According to the available data, U.K. consumer electronics demand will remain slightly below 30 billion USD (equivalent to approximately 21 billion GBP) for the next 4 years. Additionally, the demand for different segments will mostly remain the same as well, with PCs, mobile handsets, and audiovisual equipment (including TV sets) accounting for approximately one-third of the demand each. Reports also highlight the negative influence of Brexit over consumer confidence, which is likely to continue to affect consumer behavior and have a negative impact on the consumer electronics market.


Research from McKinsey and Deloitte argue that the luxury goods market in the U.K. has been performing strongly and has a positive outlook. However, the average yearly income of the luxury goods consumer in Europe is estimated at over 220,000 EUR (equivalent to approximately 191,000 GBP). Although a majority of luxury consumers are over 35 years old, millennials are becoming an increasingly relevant demographic for this market. Deloitte has found that, especially in the U.K., the purchasing drivers of older generations differ significantly from those of millennials.

The study found that consumers over 35 years old tend to buy luxury goods mostly due to impulse (36%) or due to attractive offers or sales (17%). However, although impulse purchases account for the most common reason for buying luxury goods, it is a less common driver for males. The data shows only 27% of men report purchasing luxury goods by impulse, while 41% of females are impulse buyers. The next most common reason reported by both, men and women, is "novelty", which accounts for 18% of luxury good purchase decisions.

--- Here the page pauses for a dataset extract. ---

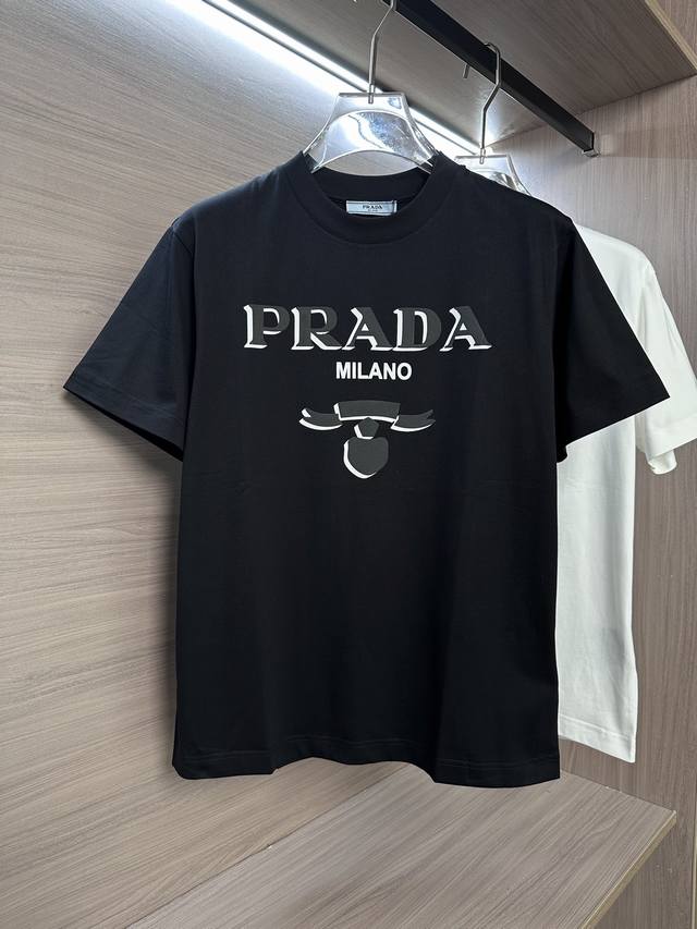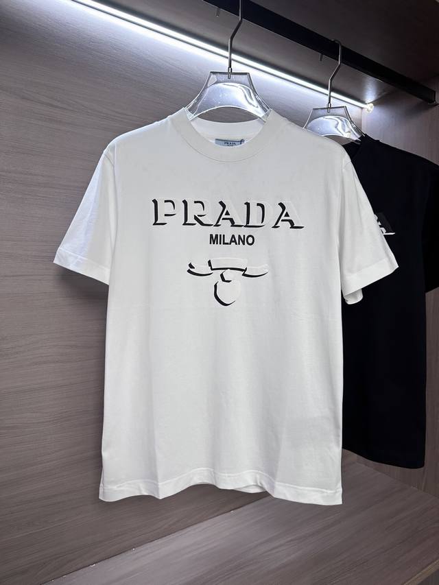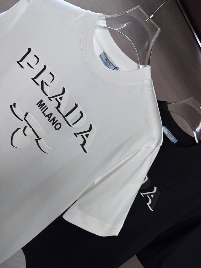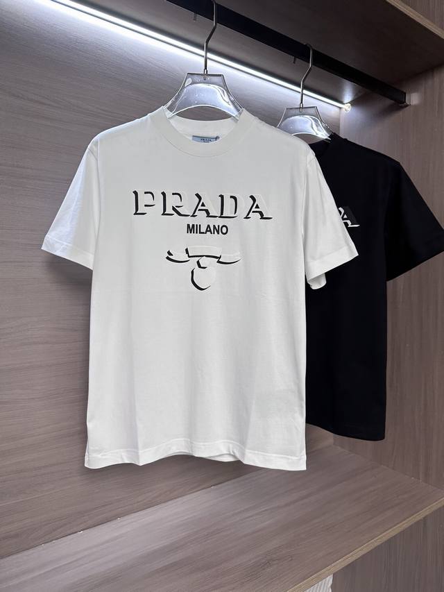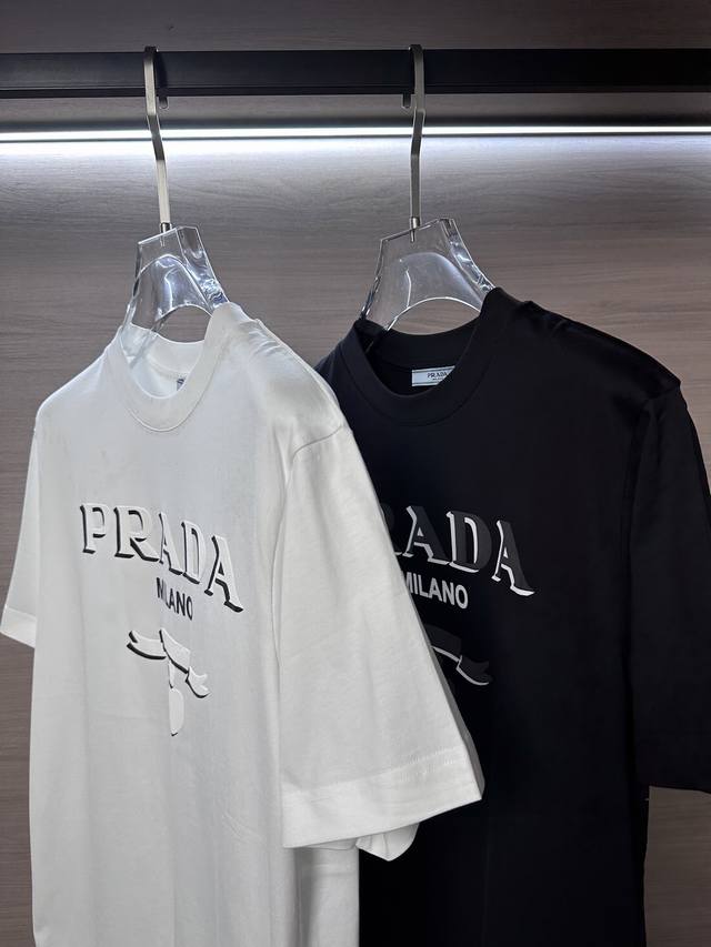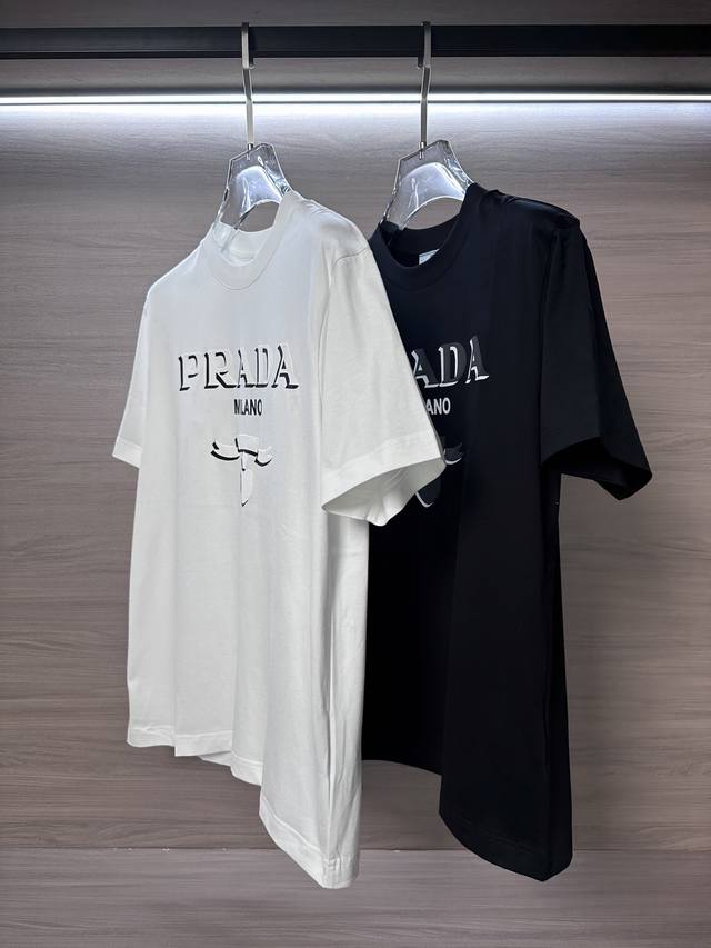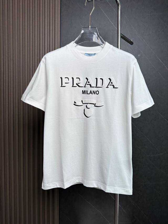 Pujia 25Ss new spring and summer round neck short sleeves, customized pure cotton material, comfortable and breathable, heavy letter pattern design on the chest, fashionable and versatile, casual item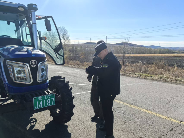 为深入贯彻落实省、市关于安全生产工作的决策部署,明确以“消除隐患、预防事故” 为核心的工作目标,聚焦农忙时节和事故高发路段,针对无牌行驶、无证驾驶、违法载人等突出风险点进行精准检查。内蒙古呼伦贝尔市鄂伦春自治旗农牧业综合行政执法大队10月21日在大杨树镇、阿里河镇齐奇岭村同步开展农机安全生产路面执法检查和农机道路驾驶安全宣传,加强农机安全管理,消除农机道路交通安全隐患,增强群众的交通安全意识。

Purchasing channels, brand awareness, and marketing

Unlike other countries in Europe, U.K. consumers are less likely to wait for seasonal sales to buy premium products. Just 15% of U.K. consumers reported only buying during this period. Similarly, less than 5% of buyers purchase only when new collections debut, meaning U.K. luxury consumers are less driven by new releases and sales than their European counterparts. Furthermore, unlike other European consumers, British luxury enthusiasts become aware of new brands or new releases when visiting department stores (55%), and are less likely to visit new brand stores (10%) to follow recent trends.

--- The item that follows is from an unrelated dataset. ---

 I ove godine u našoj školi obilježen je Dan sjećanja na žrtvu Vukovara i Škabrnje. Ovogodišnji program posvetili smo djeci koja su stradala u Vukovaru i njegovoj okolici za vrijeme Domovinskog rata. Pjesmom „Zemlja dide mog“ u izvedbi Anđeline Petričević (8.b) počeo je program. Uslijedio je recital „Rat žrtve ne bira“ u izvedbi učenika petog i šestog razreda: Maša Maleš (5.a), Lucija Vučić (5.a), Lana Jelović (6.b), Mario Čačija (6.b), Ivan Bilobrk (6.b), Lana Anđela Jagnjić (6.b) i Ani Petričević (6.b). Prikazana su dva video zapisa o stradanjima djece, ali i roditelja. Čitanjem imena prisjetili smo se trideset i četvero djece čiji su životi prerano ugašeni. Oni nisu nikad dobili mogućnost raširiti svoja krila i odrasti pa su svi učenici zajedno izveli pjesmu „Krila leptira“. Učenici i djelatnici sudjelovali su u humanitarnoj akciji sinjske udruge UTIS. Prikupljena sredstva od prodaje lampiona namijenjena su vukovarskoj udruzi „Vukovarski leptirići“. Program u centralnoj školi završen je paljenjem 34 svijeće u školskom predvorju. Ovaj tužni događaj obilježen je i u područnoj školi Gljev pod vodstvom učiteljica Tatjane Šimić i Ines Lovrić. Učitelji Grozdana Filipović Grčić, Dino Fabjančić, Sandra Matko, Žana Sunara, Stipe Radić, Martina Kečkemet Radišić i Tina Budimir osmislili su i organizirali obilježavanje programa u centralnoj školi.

According to McKinsey and Deloitte, luxury brands' success relies greatly on creating positive experiences for consumers and developing a physical attachment to their products. Consumers are more likely to purchase premium products when they can see and feel them in person. For these reasons, regular retail stores are essential for their business model. Especially for consumers over 45, retail stores are where they most often make purchases, accounting for over 80% of their luxury goods acquisitions. Most buyers (54%) between 45 and 54 years old also report that a major advantage of buying in stores is being able to immediately take their items. Older consumers (over 55 years old) mention one of the main reasons they prefer to purchase luxury goods in stores is receiving in-store service. Therefore, purchasers over 45 enjoy visiting stores because of the ability to see and feel products, buying them immediately, and receiving high-quality service.

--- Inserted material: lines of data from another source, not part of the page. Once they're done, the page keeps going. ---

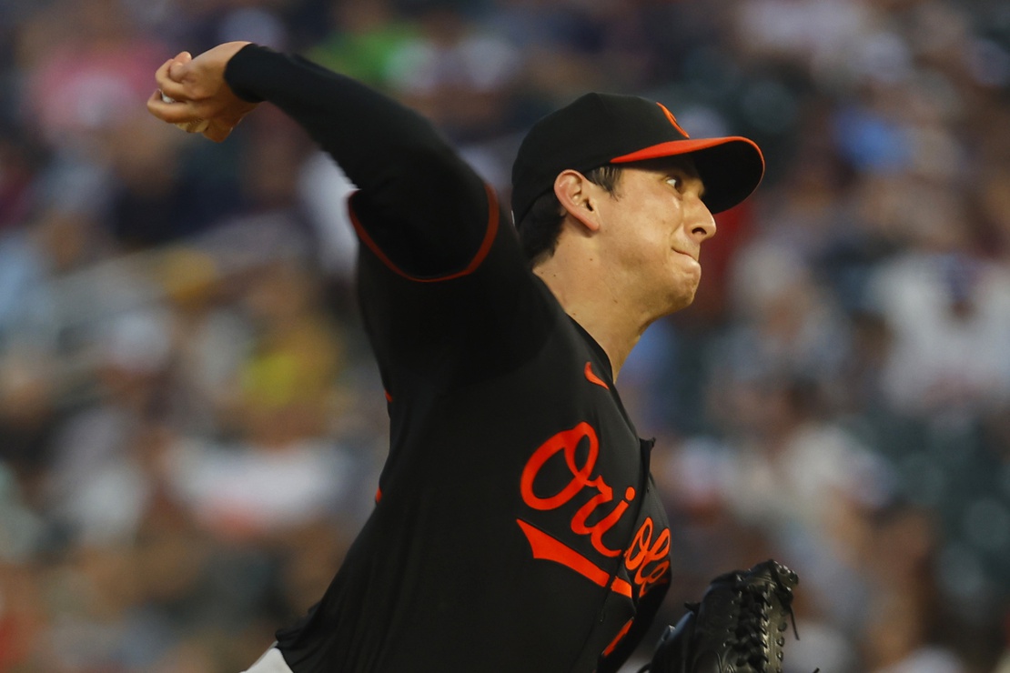 Sep 28, 2024; Minneapolis, Minnesota, USA; Baltimore Orioles starting pitcher Matt Bowman (51) throws to the Minnesota Twins in the second inning at Target Field. Mandatory Credit: Bruce Kluckhohn-Imagn Images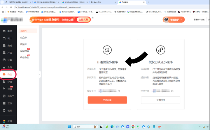 我用的是(小程序制作直达 >>点击制作)这个网站(直接网页搜就行),打开首页,看到顶部有「商城小程序」点进去。
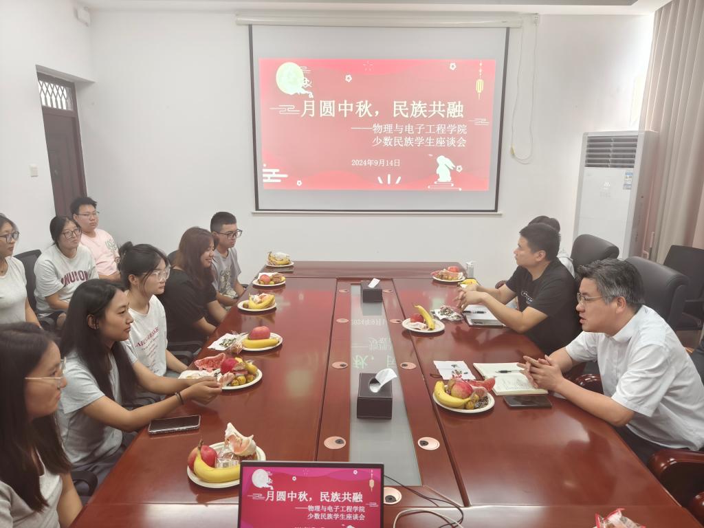 在中秋佳节即将到来之际,9月14日上午,jinnianhui今年会在崇文楼A503举办了少数民族学生座谈会。院分党委书记唐传球、分党委副书记戴俊、分团委负责人范志鹏以及14名来自不同民族的同学们参加了此次座谈会。

Another relevant finding is the influence of social media in purchasing decisions. The Deloitte study found U.K. consumers are more likely to use social media to look for latest trends (58%), gather information about prices (46%), and come up with gift ideas (42%). Here, it is important to mention most male customers (51%) use social media to find product reviews, comments and, recommendations. Finally, a majority of consumers over 34 become aware of new luxury brands and premium products through magazines, while a majority of younger consumers do so online. Overall, the most relevant marketing channels for learning about new brands are magazines, online media, and television, in that order.


Although we were unable to find information about the premium consumer electronics market and consumer profile, we were able to identify some relevant consumer electronics market trends. Additionally, we also included relevant information regarding premium goods consumers in the United Kingdom, including details about purchasing channels, brand awareness, and marketing channels.